This project is an implementation of a Machine-Readable Zone (MRZ) reader from images using segmentation, face detection, and Optical Character Recognition (OCR). The implementation leverages TensorFlow Lite models for segmentation, a Caffe model for face detection, and EasyOCR for text recognition.
- MRZ Detection: Automatically detects and segments the MRZ region in passport images.
- Face Detection: Identifies and crops the face from the passport image.
- OCR with EasyOCR: Extracts text from the segmented MRZ region using EasyOCR.
- Preprocessing: Includes optional preprocessing steps such as skew correction, shadow removal, and background clearing to improve OCR accuracy.
- Python 3.10 or higher
- Install the required Python packages from the
requirements.txt
file:
git clone https://github.com/SerdarHelli/MRZ_Passport_Reader_From_Image.git
cd MRZ_Passport_Reader_From_Image
pip install -e . -q
import json
import cv2
from mrz_reader.reader import MRZReader
# Initialize the MRZReader
reader = mrz_reader.reader.MRZReader(
facedetection_protxt = "./weights/face_detector/deploy.prototxt",
facedetection_caffemodel = "./weights/face_detector/res10_300x300_ssd_iter_140000.caffemodel",
segmentation_model = "./weights/mrz_detector/mrz_seg.tflite",
easy_ocr_params = { "lang_list": ["en"], "gpu": False }
)
# Load an image
image_path = 'path_to_your_image.jpg'
# Perform MRZ reading with preprocessing and face detection
text_results,segmented_image ,detected_face = reader.predict(
image_path,
do_facedetect = True,
preprocess_config = {
"do_preprocess": False,
"skewness": False,
"delete_shadow": False,
"clear_background": False
} # or {} send empty
)
# Display results
print("Recognized Text:")
for result in text_results:
bbox, text, confidence = result
print(f"Bounding Box on segmented_image: {bbox}")

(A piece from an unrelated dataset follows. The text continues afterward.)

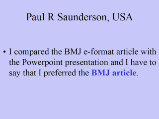However, my main complaint is the problem with sound and bandwidth on the Internet. I am in the US, with a broadband connection, but during peak hours (4pm) the PP presentation was still annoyingly slow. I have had a very frustrating time with streaming audio on my computer, which is admittedly rather old. I cannot get Real player to work at all, but I can listen to some audio pieces - on the other hand, at home, Real player works well, but some others do not. I consider myself a very average internet user, with no great computer skills, but it seems to me that online learning will not take off until this whole issue is tackled. I understand that the Adobe Acrobat format is the universally accepted standard for document transmission and this works well - surely we need something analogous for sound and/or multimedia files? My point is that until this becomes more user-friendly it cannot be used world-wide. |
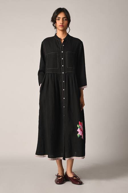 Black Handloom Cotton Embroidery Collared Bella Applique Dress

print(f"Recognized Text: {text}")
print(f"Confidence: {confidence:.2f}")
print("-" * 50)
if detected_face is not None:
print("Face detected in the image.")
# Display the images
cv2.imshow("Segmented Image", segmented_image)
if detected_face is not None:
cv2.imshow("Detected Face", detected_face)
cv2.waitKey(0)
cv2.destroyAllWindows()
After you give this image to the models , you will take this result P<GBRUNITED<KINGDOM<FIVE<<JODIE<PIPPA<<<<<<<1071857032GBR8501178F1601312<<<<<<<<<<<<<<02 as a string. This study is a basic solution . Your image which you give should be clear, and it should cover whole area.